Capital flight trims the year-to-date inflow into India, Indonesia, the Philippines, South Korea, Taiwan and Thailand to around $55 billion


Bloomberg’s dollar index climbed the most since 2008 in the two weeks just past amid speculation that President-elect Trump’s reflationary policies will trigger higher interest rates. Photo: Reuters
Bloomberg’s dollar index climbed the most since 2008 in the two weeks just past amid speculation that President-elect Trump’s reflationary policies will trigger higher interest rates. Photo: Reuters

Singapore/Bangkok: Global funds sold about $11 billion of equities and bonds in Asia’s emerging markets after Donald Trump’s victory in the US presidential election as expectations for his economic policies sent Treasury yields higher and sparked the dollar’s strongest rally in eight years.

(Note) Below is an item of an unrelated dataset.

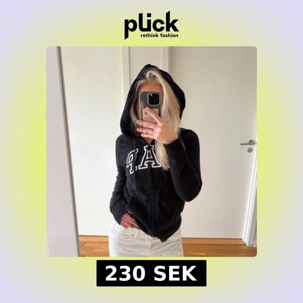 Svart hoodie från GAP med vit broderad logga på bröstet. Tröjan har huva med snörning, dragkedja framtill och två fickor. Mjuk bomullskänsla och långärmad modell som passar perfekt för chill dagar. Snygg och enkel att matcha med jeans eller mjukis.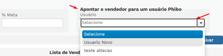 Se você quiser colocar esse vendedor como um usuário separado do sistema, deve primeiro criar o usuário e depois indica-lo no campo a seguir:<br>

India suffered the biggest outflows between 9 November and 18 November, followed by Thailand, according to calculations by Bloomberg using official data. The capital flight trims the year-to-date inflow into India, Indonesia, the Philippines, South Korea, Taiwan and Thailand to around $55 billion.

“Fund outflows from emerging markets will probably continue for a while and then investors will see if Trump will carry out some policies he has mentioned before the election, such as fiscal stimulus and protectionist-type trade policies,” Masakatsu Fukaya, an emerging markets trader with Mizuho Bank Ltd in Tokyo, said in a phone interview. “Many of his policies may lead to a stronger dollar and are negative on the emerging markets.”

The current wave of fund outflows is unlikely to match that of the so-called Taper Tantrum when then Federal Reserve chairman Ben S Bernanke’s signal to reduce monetary stimulus sent a shock wave through global markets, according to BlackRock Inc. There are more positive factors now including macro improvements in the region including narrowing of current-account deficit in Indonesia and India, the company said.

“You can continue to see some more outflows but I don’t think it’s anywhere similar in terms of the overall scope of what we’ve observed in the Taper Tantrum,” said Neeraj Seth, Singapore-based head of Asian credit at BlackRock. “If you look at the Asian economies at that point, a number were on a very weak footing. Since that Taper Tantrum, you’ve seen a very significant move in terms of macro stability that you see in Asia.”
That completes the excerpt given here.